Elections approaching: PM Viktor Orbán announces cheap loans for businesses

A new preferential loan scheme will be launched on Monday for Hungarian small and medium-sized enterprises (SMEs), offering a fixed interest rate of 3% and a maximum limit of HUF 150 million (EUR 386,000), Prime Minister Viktor Orbán announced at a press conference held jointly with the President of the Hungarian Chamber of Commerce and Industry.

Orbán’s announcement: details of the loan

The programme will be available through the Széchenyi Card system, with the interest rate on all loan products offered there reduced to 3%. The scheme can be applied for up to HUF 150 million, is freely usable, easily accessible, and carries a fixed rate of interest, providing businesses with predictable planning conditions.

The government will allocate HUF 250 billion (EUR 643 million) to support the programme this year, and HUF 320 billion (EUR 823 million) in 2026, of which around HUF 60 billion (EUR 154 million) will specifically fund this fixed 3% loan.

Viktor Orbán stressed that the aim is to provide businesses with a financing option that can be accessed quickly and without bureaucracy, offering genuine support in an uncertain economic environment.

Political and economic context

The programme represents the second pillar of the government’s declared economic strategy, following subsidised housing loans for families, and now focusing on supporting businesses. The Prime Minister also indicated that the Cabinet intends to assist companies through tax cuts.

Orbán offered a pessimistic assessment of the current European economic situation, highlighting the energy crisis, the consequences of the Russia–Ukraine war, and what he described as the EU’s defensive economic policy. He stated that Hungary seeks to develop even in an environment where Europe’s competitiveness is weakening.

forint local currencies economic uncertainty hungary
PM Orbán announced that a new preferential loan scheme will be launched on Monday for Hungarian SMEs. Photo: Daily News Hungary

International perspective

According to Reuters analysis, the introduction of preferential loans marks another significant economic stimulus ahead of next year’s elections. The fixed 3% rate is extremely favourable compared to the National Bank of Hungary’s 6.5% base rate. Experts, however, warn that such spending programmes carry fiscal risks, and that pre-election stimulus may only deliver temporary growth while potentially allowing the budget deficit to spiral.

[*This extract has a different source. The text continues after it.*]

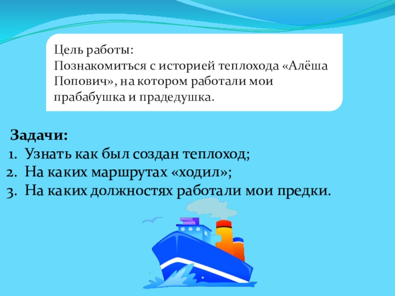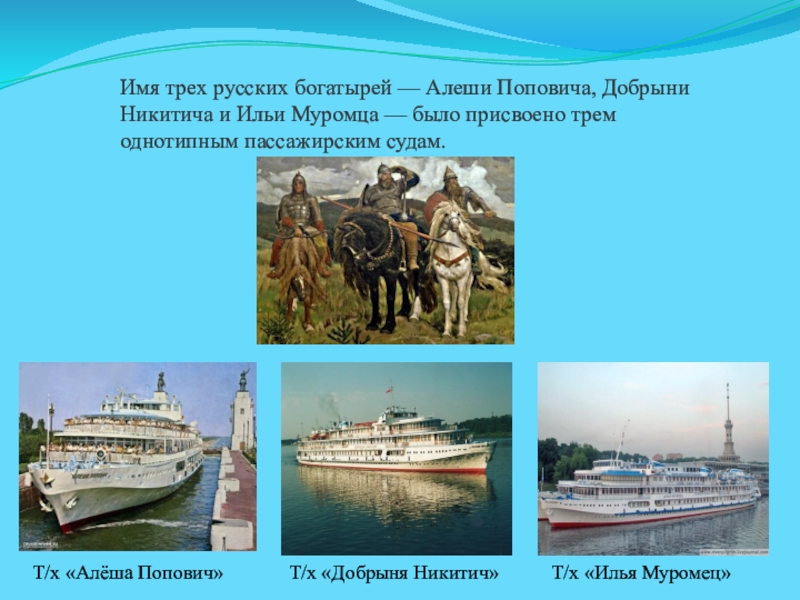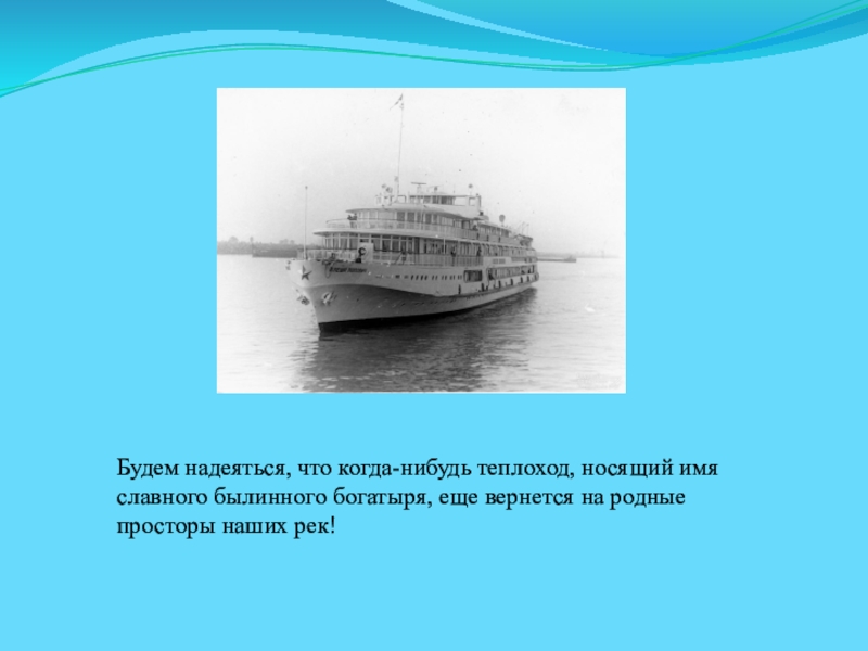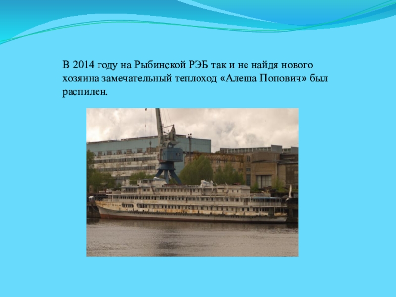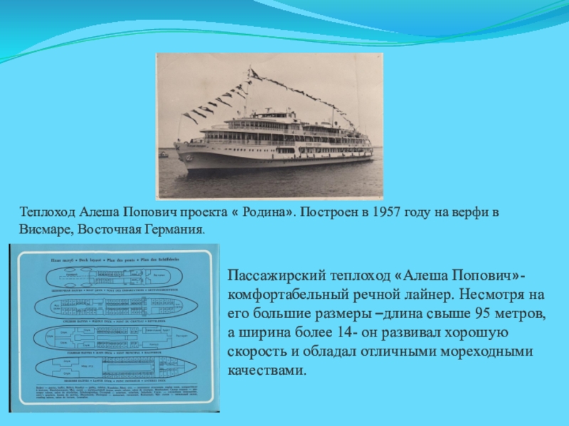 Пассажирский теплоход «Алеша Попович»- комфортабельный речной лайнер. Несмотря на его большие размеры –длина свыше 95 метров, а ширина более 14- он развивал хорошую скорость и обладал отличными мореходными качествами.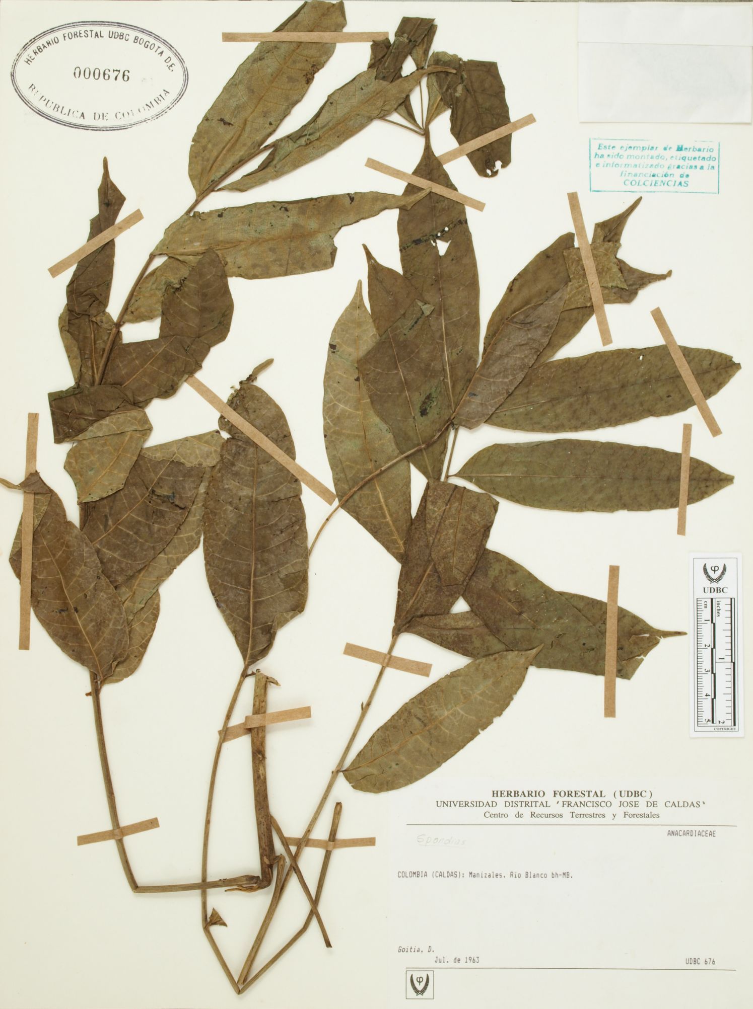 Fotografía del ejemplar Goitia, D., determinado como Spondias sp.

What does this mean for businesses?

Hungarian SMEs now have the opportunity to access low-interest financing under fixed conditions — a particularly important measure in today’s uncertain market environment. The government argues that the programme offers a simple, rapid, and predictable solution for companies considering investments or seeking to stabilise their operations.

elomagyarorszag.hu

One comment

  1. Where is the money going to come from to pay for this? More debt on the Hungarian state which it must borrow from foreign sources at much higher interest rates and all of that will have to be repaid by Hungarian taxpayers along with all the other debt. Hungary has free money waiting from the EU which is equivalent to 10% of Hungary’s entire GDP. Unfortunately Fidesz for years has failed to meet the rule of law conditions to access it.